Midbrain dopamine neurons respond to reward-predictive stimuli. In the natural environment reward-predictive stimuli are often perceptually complicated. Thus, to discriminate one stimulus from another, elaborate sensory processing is necessary. Given that previous studies have used simpler types of reward-predictive stimuli, it has yet to be clear whether and, if so, how dopamine neurons obtain reward information from perceptually complicated stimuli. To investigate this, we recorded the activities of monkey dopamine neurons while they were performing discrimination between two coherent motion directions in random-dot motion stimuli. These coherent directions were paired with different magnitudes of reward. We found that dopamine neurons showed reward-predictive responses to random-dot motion stimuli. Moreover, dopamine neurons showed temporally extended activity correlated with changes in reward prediction (i.e., reward prediction error) from coarse to fine scales between initial motion detection and subsequent motion discrimination phases. Noticeably, dopamine reward-predictive responses became differential in a later phase than previously reported. This response pattern was consistent with the time course of processing required for the estimation of expected reward value that parallels the motion direction discrimination processing. The results demonstrate that dopamine neurons are able to reflect the reward value of perceptually complicated stimuli, and suggest that dopamine neurons use the moment-to-moment reward prediction associated with environmental stimuli to compute a reward prediction error.

Figure 1.

Behavioral task and behavioral performance. A, Time course of the motion direction discrimination task. B, Schema of asymmetric reward schedule. Reward-direction contingencies were reversed from block to block. The size of a white teardrop mark indicates reward magnitude associated with the particular motion direction (large mark, 0.38 ml; small mark, 0.16 ml). The amount of reward upon correct response was determined by the direction of the motion stimulus. Coherence levels for monkey K are shown at the upper row for display purposes. C, Effects of motion coherence and the reward schedule on monkeys' choices. Monkeys tended to respond in the direction associated with a large reward. Rightward large-reward blocks (black) and rightward small-reward blocks (gray) are shown separately. Circles and error bars represent the means and SDs of the choice rate across all sessions, respectively. Choice data were fitted to a logistic function. The vertical axis indicates the proportion of rightward saccades. The horizontal axis indicates the motion coherence (a positive value indicates a rightward motion; a negative value indicates a leftward motion).
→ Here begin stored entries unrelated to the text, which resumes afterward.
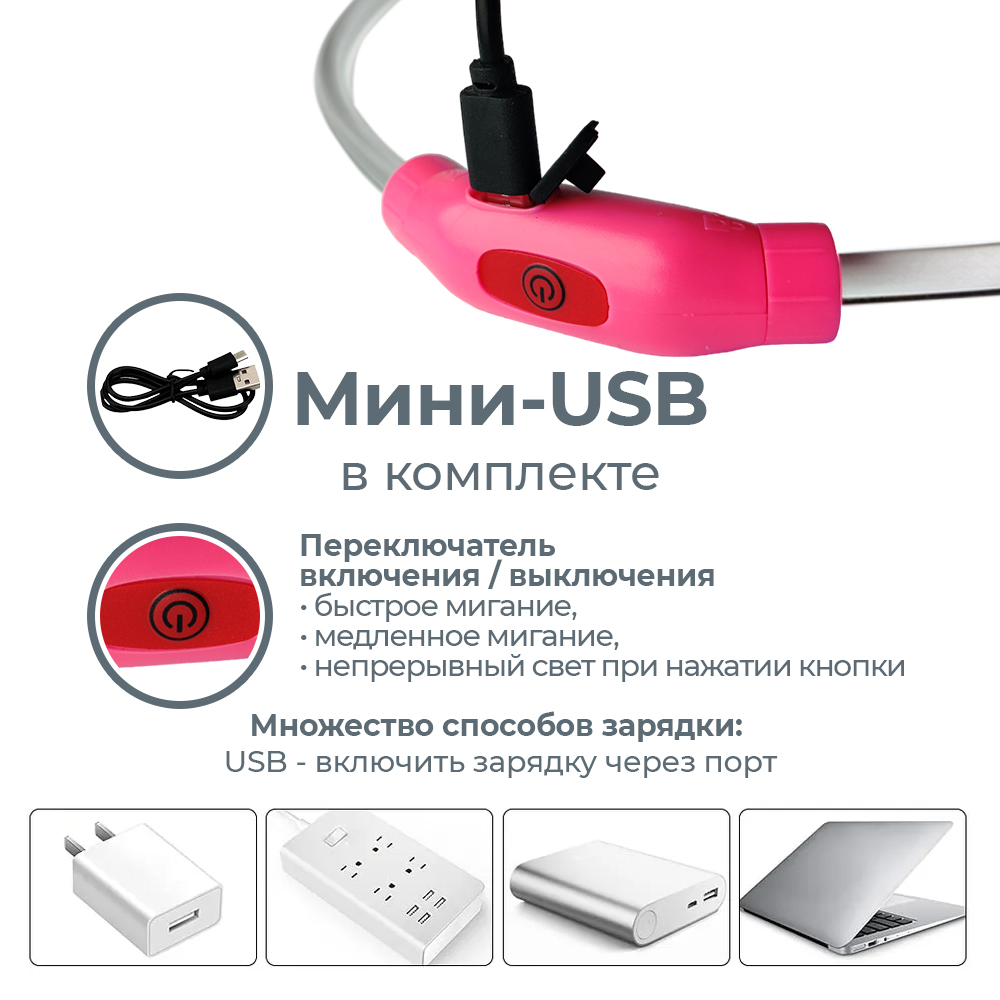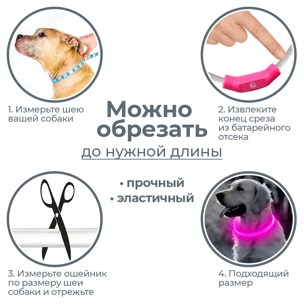 Прочный светящийся светодиодный ошейник предназначен для ночных прогулок, обеспечит безопасность и видимость собаки в темное время суток. Прозрачный силиконовый ошейник с розовым свечением закрепляется при помощи винтовой пряжки, длину можно легко отрегулировать просто отрезав свободный край ошейника.
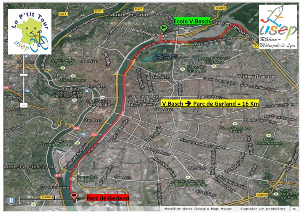 Les classes participantes devront réaliser un parcours de 16km reliant l’école Victor Basch de Calluire et Cuire au Parc de Gerland. Le déplacement à vélo s’effectue le matin ou l’après-midi pour 4 classes à la fois sur les berges aménagées du fleuve.
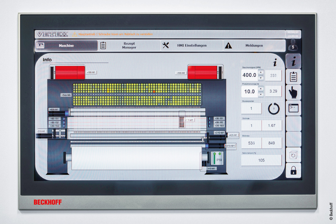 基于 PC 的控制系统通过电机电流或产生的扭矩来调节纱线张力,并能够检测张力过高或断线情况。“这两者都会直接影响地毯品质。”Josef Röttgers 说道。纱线张力通过点阵图在 CP2918 控制面板上显示给设备操作人员。“操作人员可通过颜色变化立即定位纱线送料卡顿位置,并在必要时及时进行干预。”Jens Hülsebusch 说道。为确保显示与设备运行周期同步,可视化界面由 TwinCAT 3 PLC HMI (TF1800) 创建。
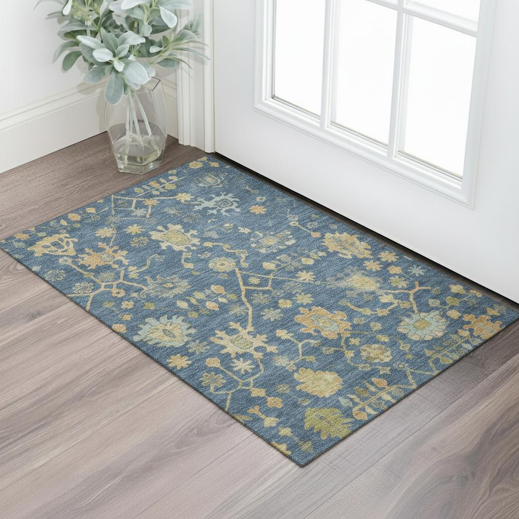 Add great coloration and comfortable texture to your space with this 3-foot x 5-foot navy blue and gold floral washable area rug with uv protection. Ideal for spaces with kids and pets, this rug is stain resistant to help repel dirt and spilled liquids. Built to last, this rug crafted from polyester fibers is known for its durability and long lasting appeal. Rugs are a great way to showcase your style, hide imperfections, warm your home and reduce noise. This smaller sized, traditional styled rug is just what you need for your walkway, bedside, in front of door, cabinet, refrigerator, or chair. 36.00-inch h x 60.00-inch w x 0.39-inch d.
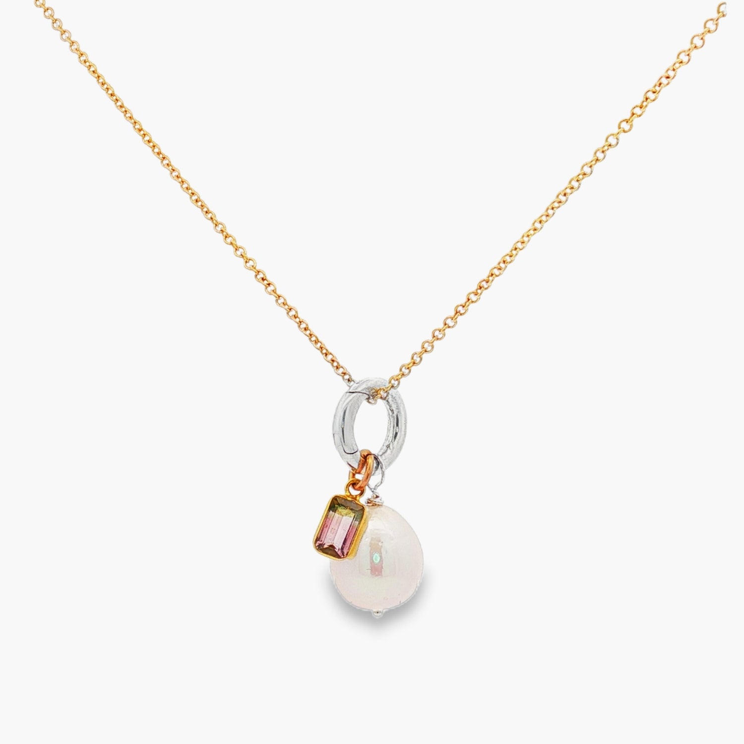 Handmade necklace features a glowing white freshwater baroque shaped pearl with a watermelon tourmaline set in 18K gold.  Pearl and tourmaline hang from sterling silver round charm lock and a 24" 14K gold filled cable chain.
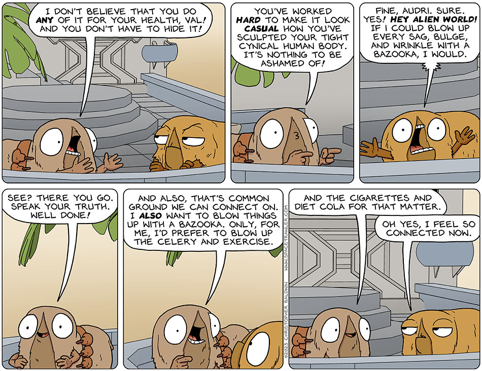 Audri continued yelling, “I don’t believe that you do any of it for your health, Val! And you don’t have to hide it! You’ve worked hard to make it look casual how you’ve sculpted your tight cynical human body. It’s nothing to be ashamed of!” Finally Val flew off the handle and shouter out to the city, “fine, Audri. Sure. Yes! Hey alien world! If i could blow up every sag, bulge, and wrinkle with a bazooka, I would.” Smiling and calm now, Audri said, “see? There you go. Speak your truth. Well done! And also, that’s common ground we can connect on. I also want to blow things up with a bazooka. Only, for me, I’d prefer to blow up the celery and exercise. And the cigarettes and diet cola for that matter.” Unimpressed, Val said, “oh yes, I feel so connected now.”
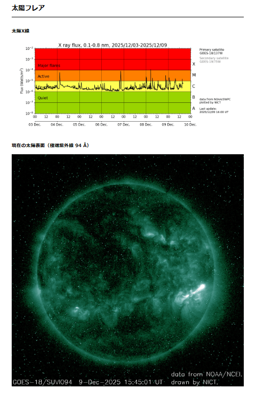 宇宙天気予報 本日の太陽フレア https://swc.nict.go.jp
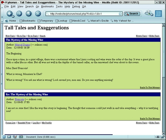 Now users can create their own profiles, read, post and reply to other posts. Whether they actually require a login profile will depend on the requirements you set up when you created the discussion areas through the Phorum admin screen. Figure 6 shows a Phorum discussion in process.
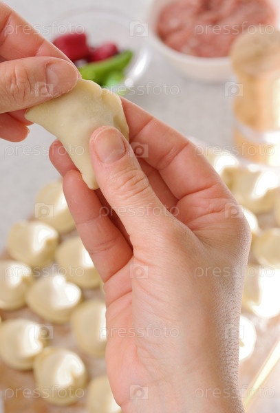 Сырые пельмени в человеческих руках
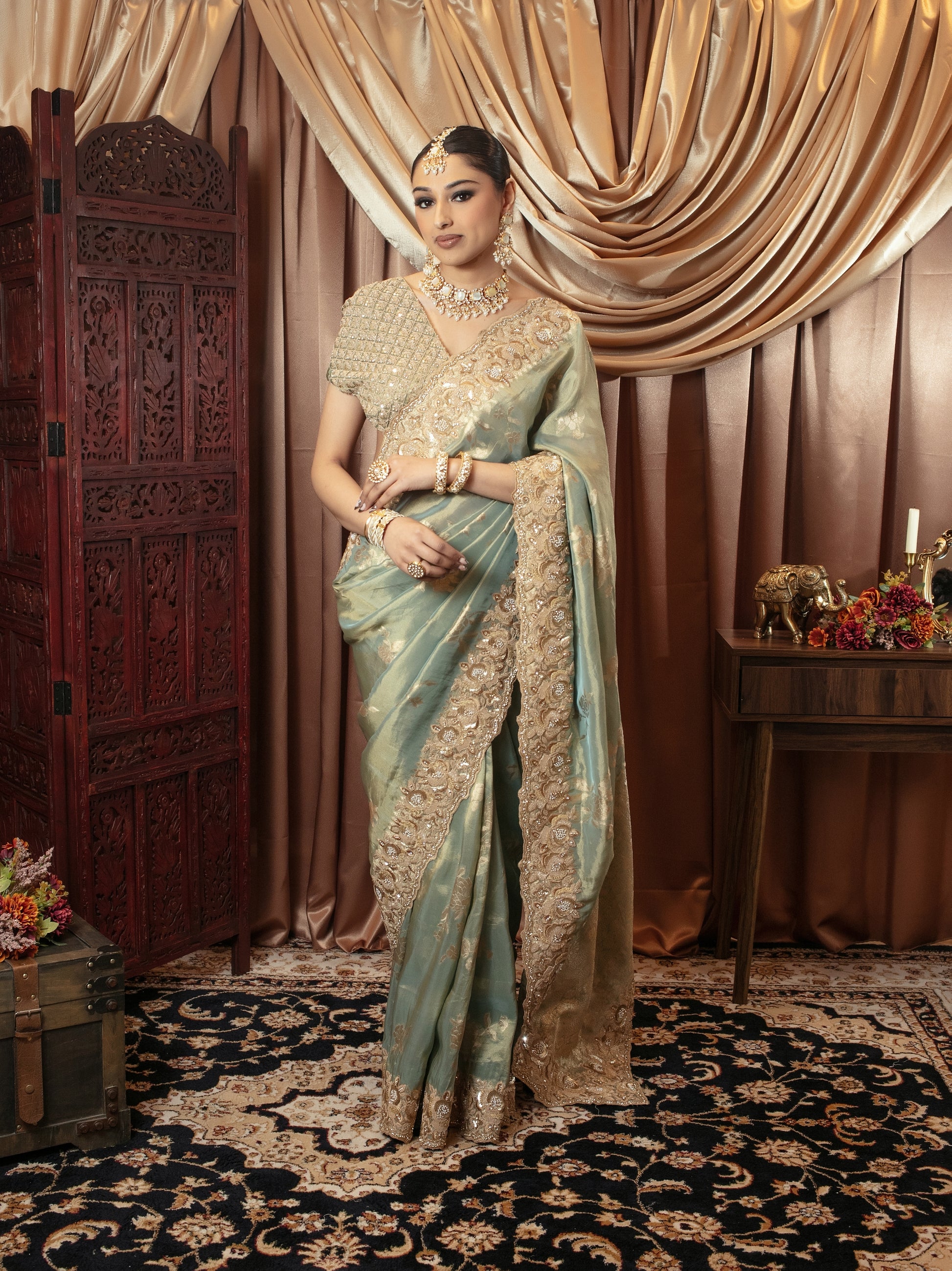 Luxury Tissue Silk Beadwork Embroidery & Diamante Sari 7191/VC097
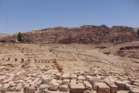 Jordan. Petra, Temple of the Winged Lions, lapidarium (architectural stone gallery) in foreground, Royal Tombs in background
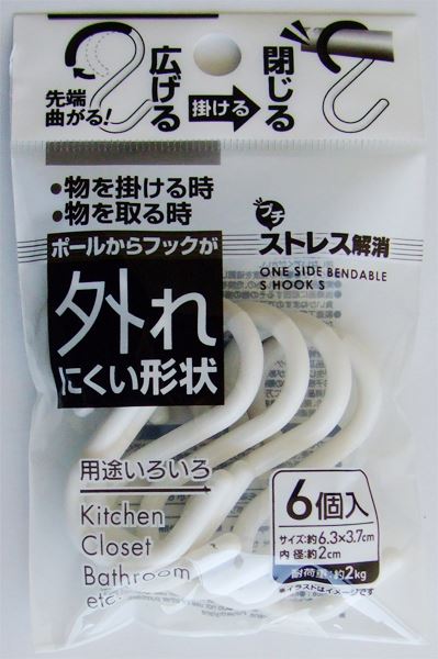 先端曲がるSフック 小(6.3×3.7cm) 6個入 [色指定不可] (100円ショップ 100円均一 100均一 100均)
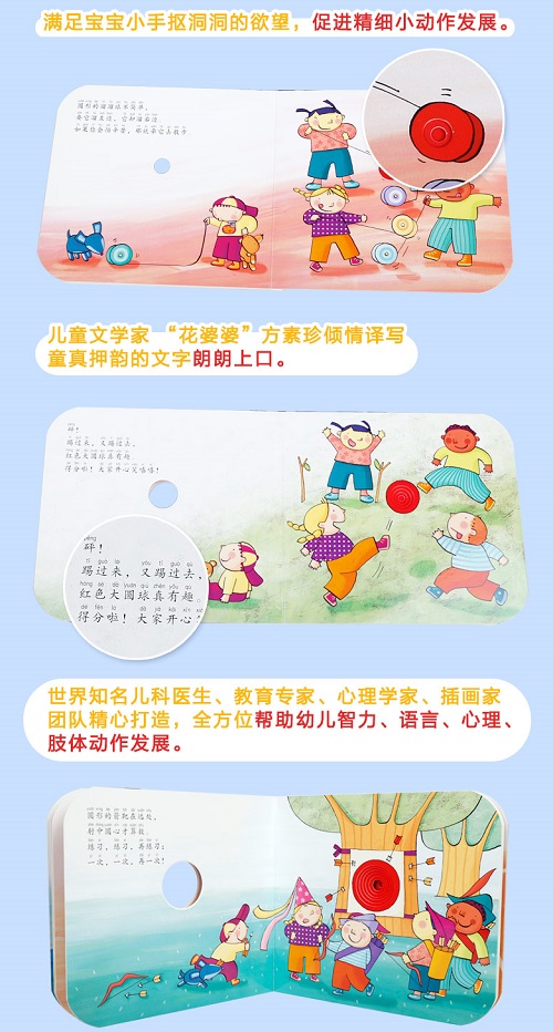满足宝宝小手抠洞洞的欲望,促进精细小动作发展。
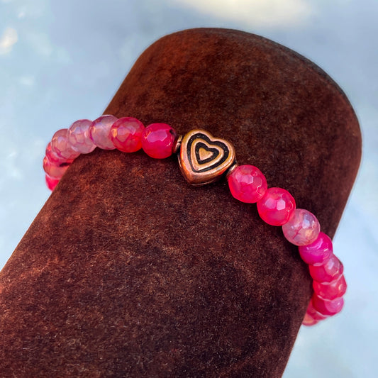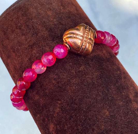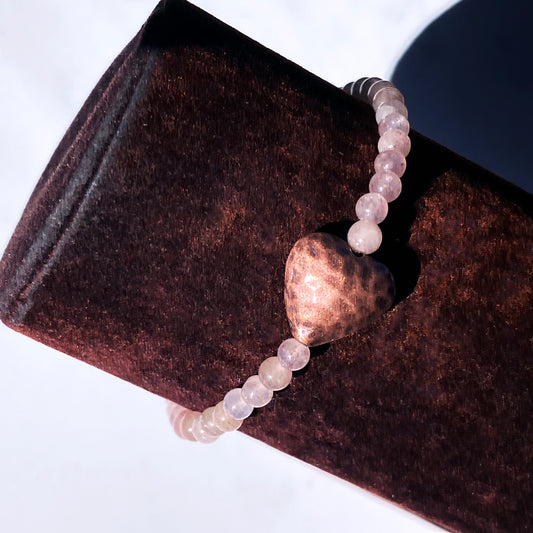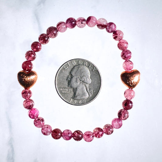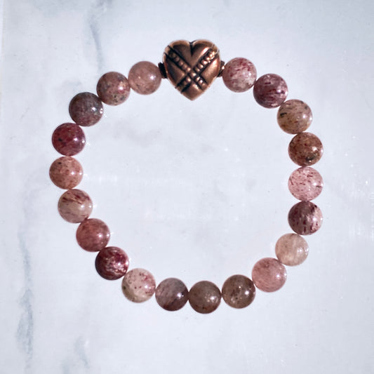 Strawberry Quartz gemstone and Copper Heart Bracelet
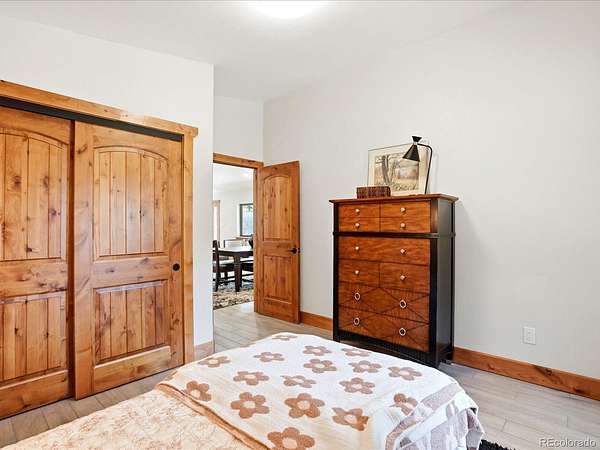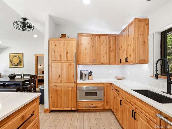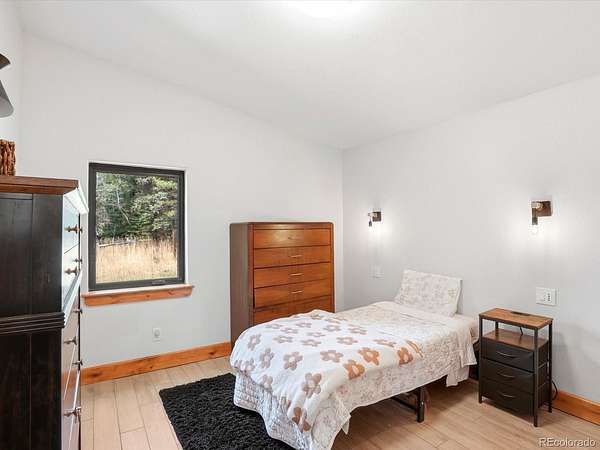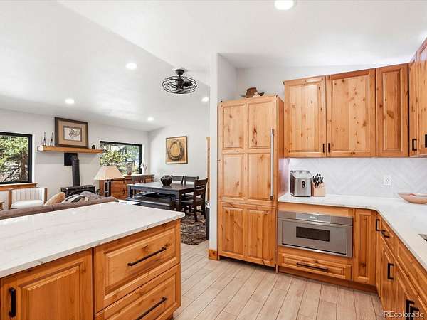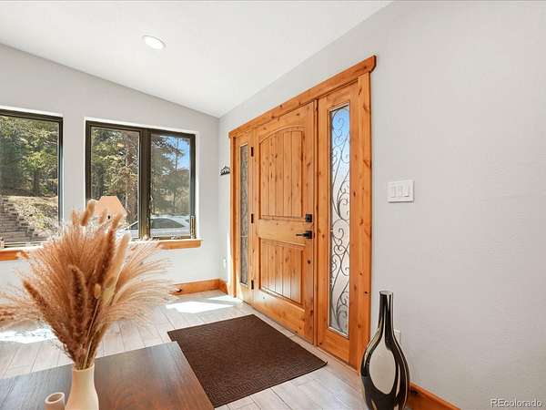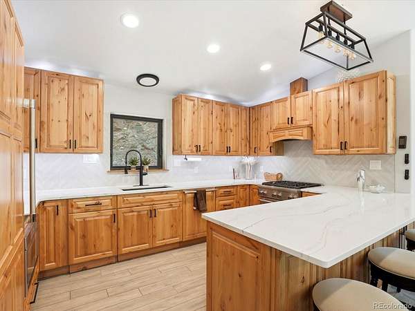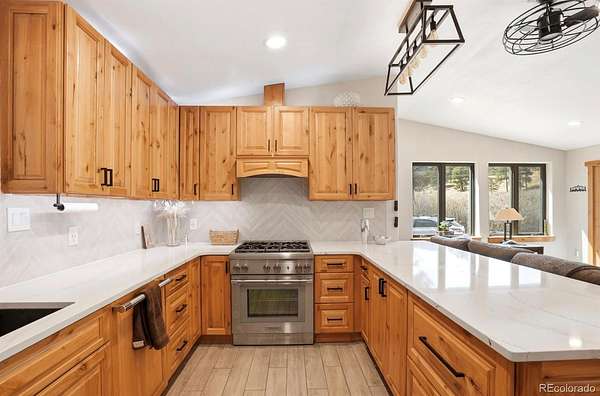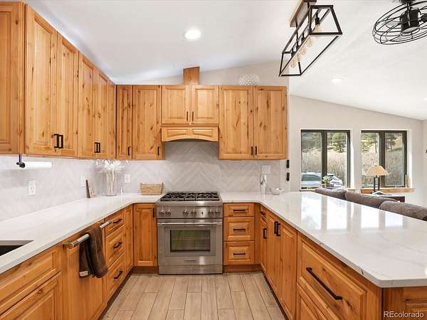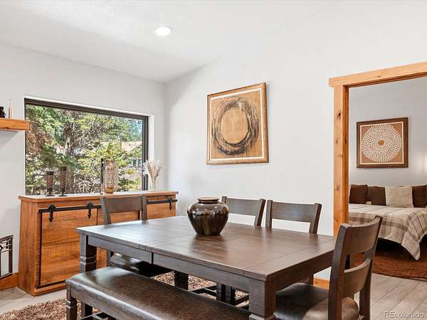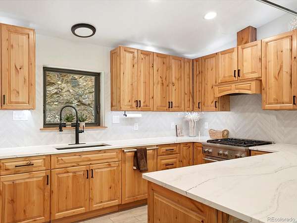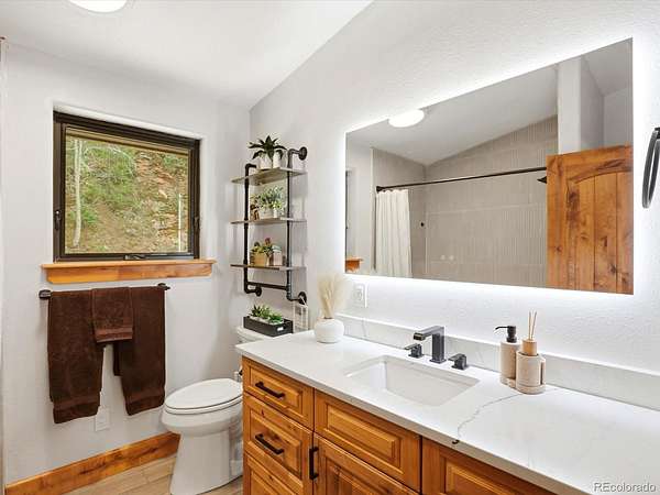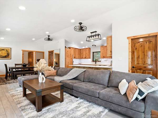 Experience elevated mountain living in this beautifully reimagined Conifer cabin sitting on over 2 acres where every detail reflects a top to bottom renovation completed with uncompromising quality. No expense has been spared in creating a home that blends modern luxury with the warmth and charm of a classic retreat. Set against a backdrop of stunning mountain views, the property invites you to slow down and soak in the surroundings from the expansive new composite deck that spans the full length of the home, perfect for morning coffee, sunset gatherings, or quiet evenings under the stars. The exterior showcases new concrete siding, a durable metal roof, new gutters, and energy efficient spray foam insulation, offering both peace of mind and year round comfort. A solid wood front door with custom iron detailing creates a memorable first impression. Inside, the home has been completely transformed into a light filled, inviting space anchored by a cozy wood burning stove in the living area. The thoughtfully designed kitchen features 42 inch cabinetry, built in Thermador appliances, a gas range, quartz countertops, hidden kick drawers, soft close cabinets, and elegant lighting above and below the cabinetry complemented by a stylish tile backsplash. The bedrooms feel open and airy with vaulted ceilings and abundant natural light, while the bathroom and both bedrooms are enhanced with in floor radiant heating for added comfort along with a sleek anti fog mirror. Whether you are seeking a peaceful full time residence or a weekend escape, this cabin offers a seamless blend of luxury, efficiency, and natural beauty designed to be enjoyed in every season.

D, Saccadic reaction time. The data were sorted by motion coherence levels and directions, which are associated with large reward (black bars) and small reward (gray bars). Only correct trials were analyzed. Error bars represent SDs across all sessions.

Figure 2.

Recording sites. A, A representative digitized image of the recording sites with Nissl staining. Tilted lines indicate electrode tracks. Ticks represent microlesions. Filled circles indicate the recording sites of putative dopamine neurons. Scale bar, 500 μm. Inset, Magnified image around the microlesion (a rectangular area in the Nissl staining image) from an adjacent slice with anti-TH immunohistochemistry. Black neurons correspond to TH-immunoreactive cells. B, Reconstruction of the recording sites in the right hemisphere of monkey K. Numbers indicate the anteroposterior level. Tilted lines indicate electrode tracks. Filled circles indicate the recording sites of putative dopamine neurons. We delineated the areas rich with dopamine neurons according to the anti-TH staining slices. SNr, Substantia nigra pars reticulata; NIII, oculomotor nerve outlets; RNm, magnocellular red nucleus.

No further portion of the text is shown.